Mohammad Rasikh Wasiq, ILS College, Pune


The issue of RTE implementation under international human rights law is firmly rooted in practically every corner of the globe, especially in emerging and underdeveloped countries. Due to the nature of soft law, imprecise terminology, and fragmentation within provisions of international and regional legal instruments, the issue has several facets, ranging from discrimination to the question of free and compulsory quality education for all. In the case of India Article 21(A) was enacted in 2002 as part of the 86th Amendment Act. It included primary education in the right to freedom, stating that the state would provide free and compulsory education to children aged six to fourteen.

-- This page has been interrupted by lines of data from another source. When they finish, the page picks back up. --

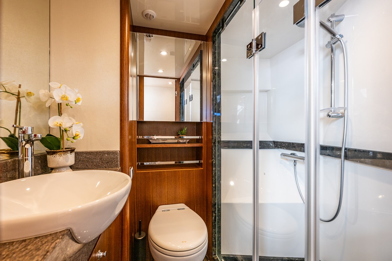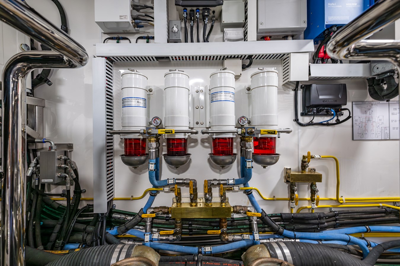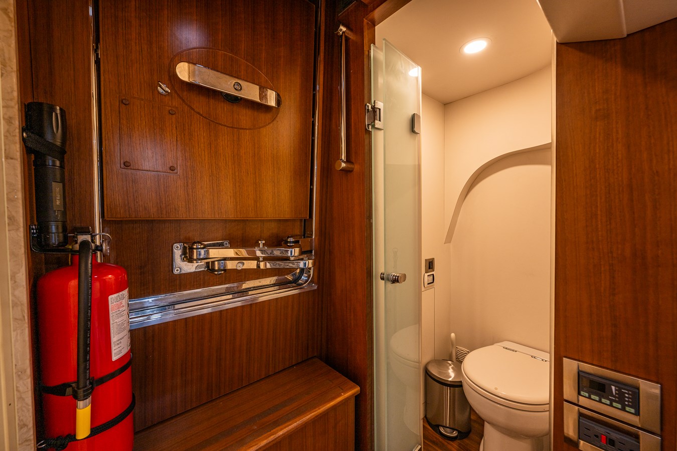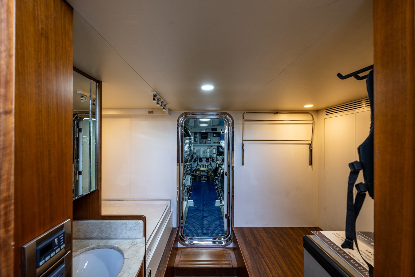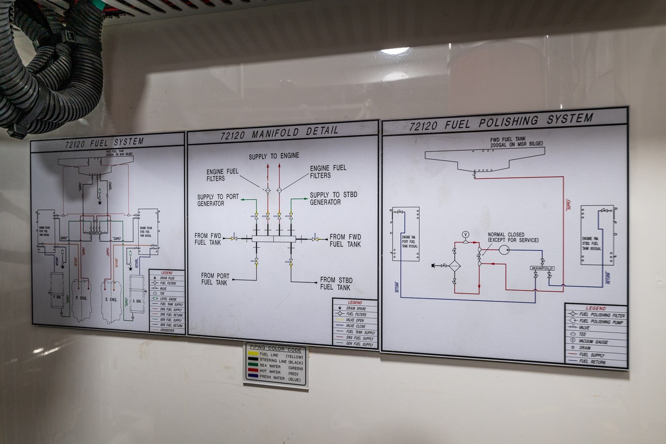 Ocean Alexander proprietary “dry bilge ventilation system” with dedicated bilge exhaust to outside. This provides constant airflow to keep the bilges dry and mildew free. Any moisture from condensation is evacuated outside the yacht to keep a clean and healthy cruising environment. (Unique OA Feature)
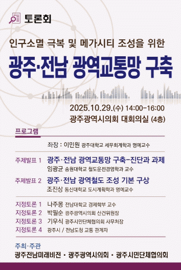 À̹ø Åä·Ðȸ´Â ±¤ÁÖ¡¤Àü³² ±¤¿ª±³Åë¸Á ÅëÇÕ Àü·«ÀÌ Áö¹æ¼Ò¸ê ±Øº¹°ú ¼³²±Ç ¸Þ°¡½ÃƼ ½ÇÇöÀÇ Ãâ¹ßÁ¡ÀÌ µÉÁö ÁÖ¸ñµÈ´Ù.
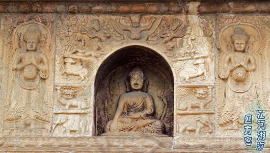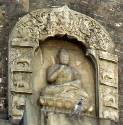 金刚宝座上的五座小塔,各自四面开券型佛龛。佛龛外面是同样形象的六拿具
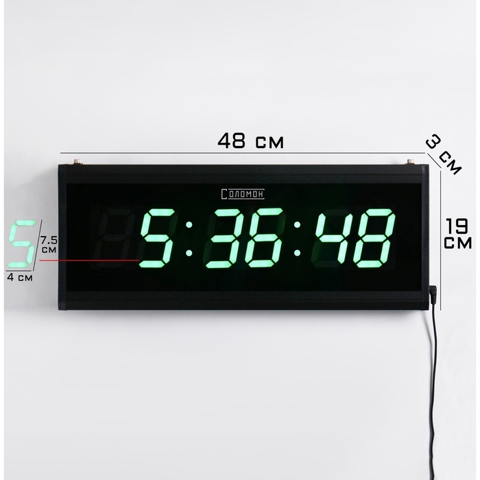 УЦЕНКА Часы электронные настенные «Соломон», 48×19×3 см, цифры зеленые 7.5×4 см
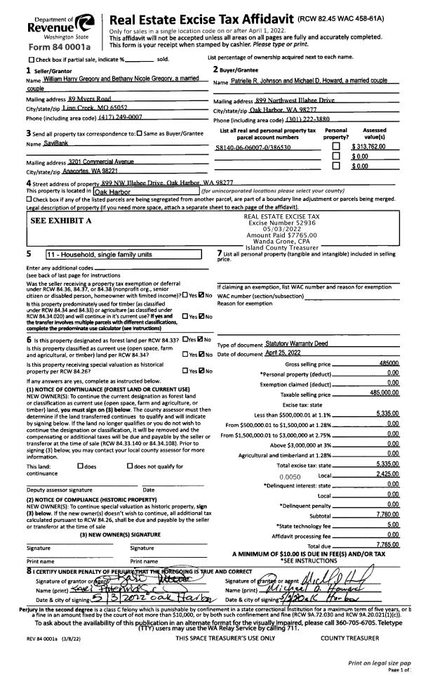 | Mailing Address: | 122 N EAST CAMANO DR CAMANO ISLAND, WA 98282-5516 | % Ownership: | 100.0000000000% |
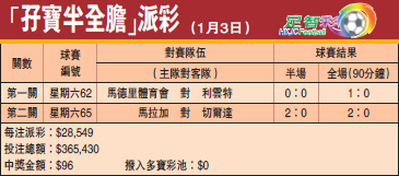 “孖宝半全胆”派彩
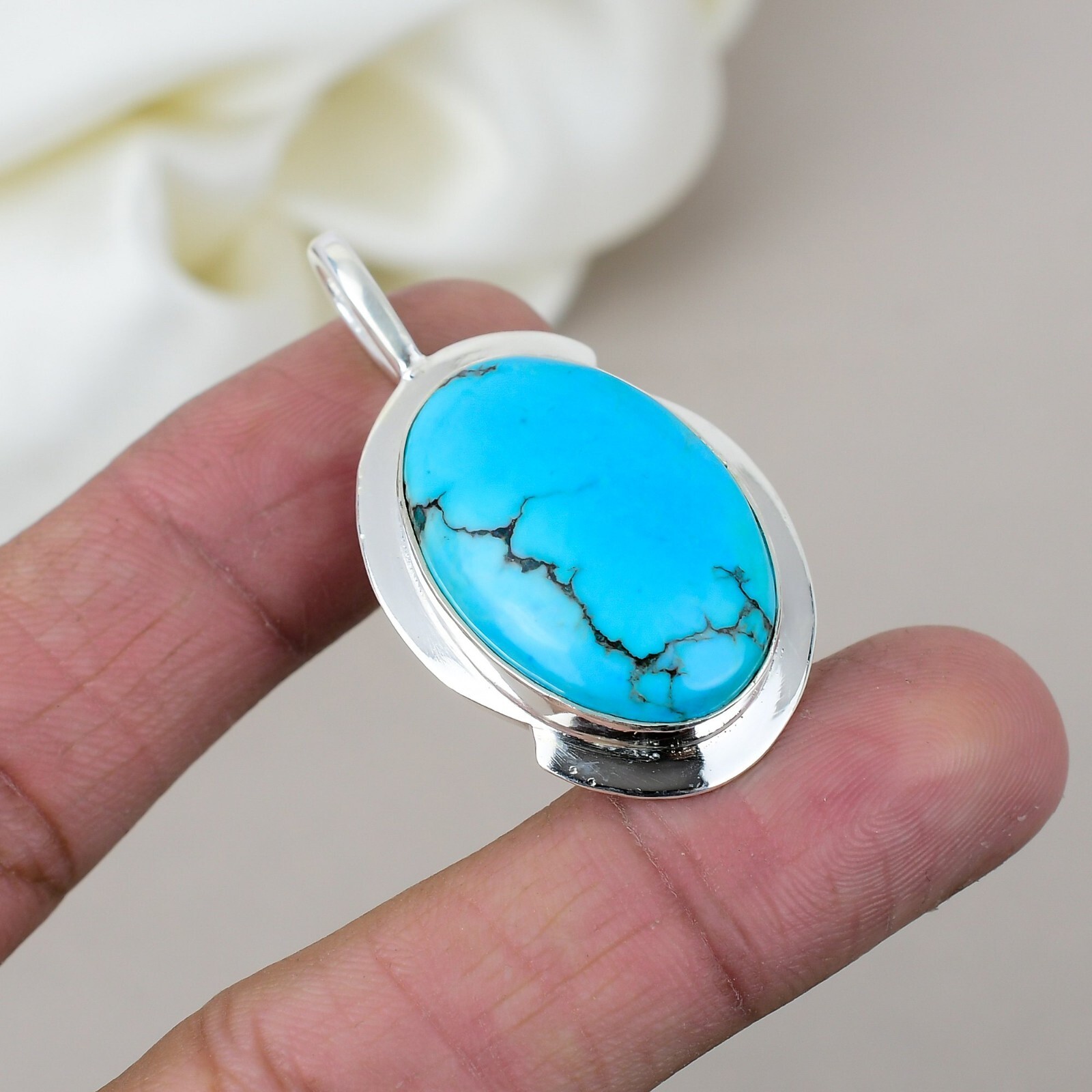 Natural Turquoise 925 Sterling Silver Statement Pendant Jewelry Gift

The Union Cabinet approved the Right to Education Bill in 2008, six years after the Indian Constitution was amended. Under Article 21A of the Indian Constitution, the Right of Children to Free and Compulsory Education Act, or Right to Education Act (RTE), which was passed by the Indian parliament on August 4, 2009, defines the mechanisms of providing free and compulsory education for children aged 6 to 14. India was one of 135 countries to join the group. The present study employs the doctrinal method of research with a qualitative approach to examine the education system and legal frame of India under the domain of International law.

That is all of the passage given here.